▶ _Data provided_:
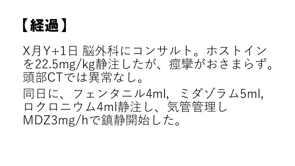 #5. 【経過】 X月Y+1日 脳外科にコンサルト。ホストインを22.5mg/kg静注したが、痙攣がおさまらず。頭部CTでは異常なし。
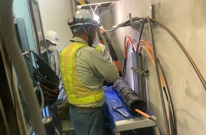 令和3年9月末 西小島工区 川裏小段に埋設された光ケーブルを移設します。仮配管完了。
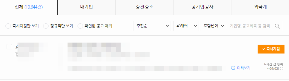 카테고리 메뉴를 누르면 전용 페이지로 이동하는 동시에 상세 검색을 위한 도구가 보일 거예요. 따로 상세 검색을 하지 않고 잡코리아에 올라온 모든 일자리를 둘러볼 수도 있겠지만, 시간을 아끼려면 아무래도 상세 검색을 통해서 일자리를 선별해보는 것이 좋을 것 같아요.

▶ _Assigned task_: Only the pictures are to be left out; restate everything else in the listing word for word.

▶ _Worked solution_:
 #5. 【経過】 X月Y+1日 脳外科にコンサルト。ホストインを22.5mg/kg静注したが、痙攣がおさまらず。頭部CTでは異常なし。
 令和3年9月末 西小島工区 川裏小段に埋設された光ケーブルを移設します。仮配管完了。
 카테고리 메뉴를 누르면 전용 페이지로 이동하는 동시에 상세 검색을 위한 도구가 보일 거예요. 따로 상세 검색을 하지 않고 잡코리아에 올라온 모든 일자리를 둘러볼 수도 있겠지만, 시간을 아끼려면 아무래도 상세 검색을 통해서 일자리를 선별해보는 것이 좋을 것 같아요.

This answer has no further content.